Bisnis.com, JAKARTA – Presiden terpilih Prabowo Subianto harus segera mengambil langkah cepat untuk memperkuat perekonomian semasa menjabat, mengingat saat ini banyak tanda-tanda tekanan terhadap pertumbuhan ekonomi.

Misalnya, deflasi selama lima bulan berturut-turut sejak Mei 2024 – yang merupakan rekor terburuk sejak tahun 1999, indeks manajer pembelian (PMI) manufaktur memasuki wilayah kontraksi dan, yang terbaru, penurunan indeks kepercayaan konsumen (CII) – menempatkan sorotan menjelang pelantikan presiden baru.

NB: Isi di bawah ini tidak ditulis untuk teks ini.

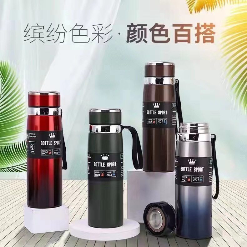 跨境商务316不锈钢大容量保温杯户外运动水壶吊带壶办公水杯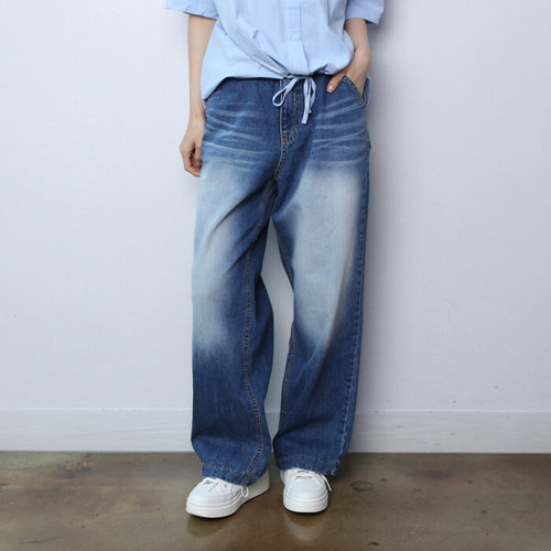 파라노말샵 / (빅사이즈) 데님 밴딩 와이드 팬츠 왕 통바지 (파라노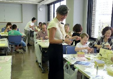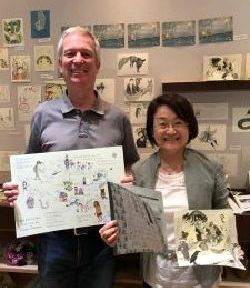 「水谷さんが都筑区に越してきたのはいつですか。居場所作りの活動をはじめたきっかけは何だったのでしょうか」 「越してきたのは約30年前。まだ都筑が誕生していない頃です。1998年、20年前に北山田小コミュニティハウスの依頼を受けて”対話によるカウンセリング勉強会”を開きました。その後このグループで”アーモンドの会”を立ち上げました。都筑区の人口が増えるにつれ、生きづらさを抱えた子どもや青少年、外国籍の方が増えてきたのです。カウンセリングの活動が認められ、社会福祉協議会や横浜市の依頼で講演の機会も多くなりました。こうして活動の場が広がり、2012年のNPO法人設立にいたりました」 「若い頃から関心があったのでしょうね」 「高校生の頃から実際に英語が使えるようになりたいと、英語学校にも通いました。その後ドラマメソッドという、演劇理論を通して英語を教える仕事につきました。その学校は当時として珍しく、同じクラスに自閉症の子が1割ぐらい在籍。最初は戸惑いましたが、障がいのある子・ない子という垣根を取り払って教育したほうがいい事 「クリスチャンの私が通っていた教会は、カウンセリングにも力を入れていました。いろいろな困難を抱えている人の相談にもたずさわってきたのです。この経験が今の私の活動の原点ですね」 「ところで、ご主人は活動に理解ありますか」 「もちろん!彼はACNの副理事です。アメリカ人ですが、国際基督教大学で日本近・現代史を教えているんですよ。彼も異文化の中でコミュニティ作りに悩んだことがあります。だから横浜の歴史・文化を通じて市民の意識を高めることの活動にも熱心なのです」 ツーショット写真は、凸凹コミュニティアートプロジェクト行事のひとつ、「横浜の北部の民話に聴く-民と族の間に挟まれて-」の講演をなさった時のご主人のロバート・エスキルドセン氏と水谷さん。後で知ったのだが、Almond English Cafeの講師はご主人。

Banyak ekonom dan analis yang meyakini bahwa indikator-indikator tersebut merupakan indikasi tekanan perekonomian suatu negara, baik akibat pengaruh eksternal maupun kondisi internal. Tekanan tersebut harus segera diatasi oleh pemerintahan Prabowo saat mengambil alih Markas RI 1.

Lebih lanjut, Prabowo mempunyai cita-cita yang sangat besar, yakni pertumbuhan ekonomi mencapai 8% (yang bahkan tidak mampu dicapai oleh Presiden Joko Widodo yang memasang target pertumbuhan ekonomi sebesar 7%). Prabowo perlu bertindak cepat, karena di tahun pertamanya menjabat sudah ada risiko pertumbuhan ekonomi tidak mencapai tujuan yang telah ditetapkan.

Menurut perkiraan Bank Dunia, pertumbuhan ekonomi Indonesia akan mencapai 5% pada tahun 2024. Hal ini berdasarkan laporan East Asia and Pacific Economic Update edisi Oktober 2024 yang diterbitkan beberapa hari lalu.

Bahkan, Bank Dunia menaikkan perkiraan pertumbuhan ekonomi Indonesia dari 4,9% (berdasarkan laporan April 2024) menjadi 5%. Namun angka tersebut masih jauh dari target pertumbuhan ekonomi pemerintah pada tahun 2024 sebesar 5,2%.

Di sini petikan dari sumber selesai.